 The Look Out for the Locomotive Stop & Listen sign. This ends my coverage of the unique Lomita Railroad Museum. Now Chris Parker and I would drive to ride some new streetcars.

━━━━━━━━━━━━━━━━

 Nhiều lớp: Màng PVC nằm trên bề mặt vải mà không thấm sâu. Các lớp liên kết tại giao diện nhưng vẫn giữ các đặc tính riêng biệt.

━━━━━━━━━━━━━━━━

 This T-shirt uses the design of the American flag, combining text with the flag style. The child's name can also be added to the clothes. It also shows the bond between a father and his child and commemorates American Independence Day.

━━━━━━━━━━━━━━━━

• **EXERCISE**
Note which lines carry the word "This" in the material, then copy each of them.

• **EXERCISE RESPONSE**
 The Look Out for the Locomotive Stop & Listen sign. This ends my coverage of the unique Lomita Railroad Museum. Now Chris Parker and I would drive to ride some new streetcars.
 This T-shirt uses the design of the American flag, combining text with the flag style. The child's name can also be added to the clothes. It also shows the bond between a father and his child and commemorates American Independence Day.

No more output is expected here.